Shafer echoes Flood’s sentiment. “In many ways, and I’m not taking anything away from the second floor, but on the first floor it’s about the art, because when you walk through those front doors that’s what you see immediately,” said Shafer. “Upstairs, we had the east wing and the west wing. Here, you’re just surrounded by the art and that’s what Voices is about.”

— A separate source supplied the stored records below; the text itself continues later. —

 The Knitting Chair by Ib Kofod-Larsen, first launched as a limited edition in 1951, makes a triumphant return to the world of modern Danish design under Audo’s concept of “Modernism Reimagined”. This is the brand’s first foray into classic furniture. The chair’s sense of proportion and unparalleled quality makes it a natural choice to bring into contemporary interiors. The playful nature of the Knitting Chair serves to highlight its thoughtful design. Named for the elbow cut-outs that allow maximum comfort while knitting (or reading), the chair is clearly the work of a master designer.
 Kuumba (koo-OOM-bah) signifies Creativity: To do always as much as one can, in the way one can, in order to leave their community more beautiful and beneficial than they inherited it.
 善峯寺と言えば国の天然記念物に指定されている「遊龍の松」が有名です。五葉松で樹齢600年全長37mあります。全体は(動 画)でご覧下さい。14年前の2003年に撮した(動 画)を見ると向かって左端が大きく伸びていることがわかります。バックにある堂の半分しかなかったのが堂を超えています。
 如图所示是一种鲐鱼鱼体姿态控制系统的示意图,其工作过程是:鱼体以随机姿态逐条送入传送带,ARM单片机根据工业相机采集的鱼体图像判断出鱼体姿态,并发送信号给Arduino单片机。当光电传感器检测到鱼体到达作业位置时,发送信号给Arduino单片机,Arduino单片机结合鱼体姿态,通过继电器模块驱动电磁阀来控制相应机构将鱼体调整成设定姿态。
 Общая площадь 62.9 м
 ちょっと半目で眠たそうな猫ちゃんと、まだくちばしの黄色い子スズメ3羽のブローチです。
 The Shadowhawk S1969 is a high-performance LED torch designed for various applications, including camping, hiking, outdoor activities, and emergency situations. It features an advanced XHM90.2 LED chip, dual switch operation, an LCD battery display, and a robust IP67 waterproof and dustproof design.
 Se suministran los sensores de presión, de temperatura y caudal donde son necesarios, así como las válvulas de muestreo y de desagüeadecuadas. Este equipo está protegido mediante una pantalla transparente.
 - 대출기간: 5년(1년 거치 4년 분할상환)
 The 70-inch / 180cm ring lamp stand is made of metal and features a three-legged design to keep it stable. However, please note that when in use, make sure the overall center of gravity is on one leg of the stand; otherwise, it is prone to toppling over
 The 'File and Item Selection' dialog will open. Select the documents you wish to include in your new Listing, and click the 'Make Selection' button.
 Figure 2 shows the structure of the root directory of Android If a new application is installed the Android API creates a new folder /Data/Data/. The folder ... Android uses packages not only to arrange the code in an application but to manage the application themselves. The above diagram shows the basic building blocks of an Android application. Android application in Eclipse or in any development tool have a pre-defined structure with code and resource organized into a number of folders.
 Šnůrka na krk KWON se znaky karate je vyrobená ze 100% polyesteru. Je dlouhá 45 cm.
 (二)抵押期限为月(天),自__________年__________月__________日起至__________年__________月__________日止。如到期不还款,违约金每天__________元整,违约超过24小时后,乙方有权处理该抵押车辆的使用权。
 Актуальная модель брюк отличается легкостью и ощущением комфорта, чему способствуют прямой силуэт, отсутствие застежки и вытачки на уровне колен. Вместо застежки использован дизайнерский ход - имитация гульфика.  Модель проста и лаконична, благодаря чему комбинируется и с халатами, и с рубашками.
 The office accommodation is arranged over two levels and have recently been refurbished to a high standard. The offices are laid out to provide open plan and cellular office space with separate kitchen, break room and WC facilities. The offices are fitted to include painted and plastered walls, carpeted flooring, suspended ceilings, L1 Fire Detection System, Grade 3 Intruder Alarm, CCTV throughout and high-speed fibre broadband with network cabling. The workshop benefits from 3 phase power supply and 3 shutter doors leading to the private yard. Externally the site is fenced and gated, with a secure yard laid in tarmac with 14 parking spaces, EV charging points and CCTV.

The warehouse exhibit also benefits from the new Millwork District streetscape, a major renovation and investment project by the City of Dubuque. “It’s nice. Our front door opens up right onto a brand new sidewalk and street,” McNamara notes. Now, because we’re on the first floor we’re going to set up tables and chairs outside and have live music and be able to enjoy the outdoor space as well, which you couldn’t do when we were on the second floor. It was a gravel alley out there. Now we’ve got historic paving brick and nice sidewalks.” In a sense, the Voices show has come full circle, now benefiting from Millwork District revitalization efforts first inspired by the Voices warehouse exhibit.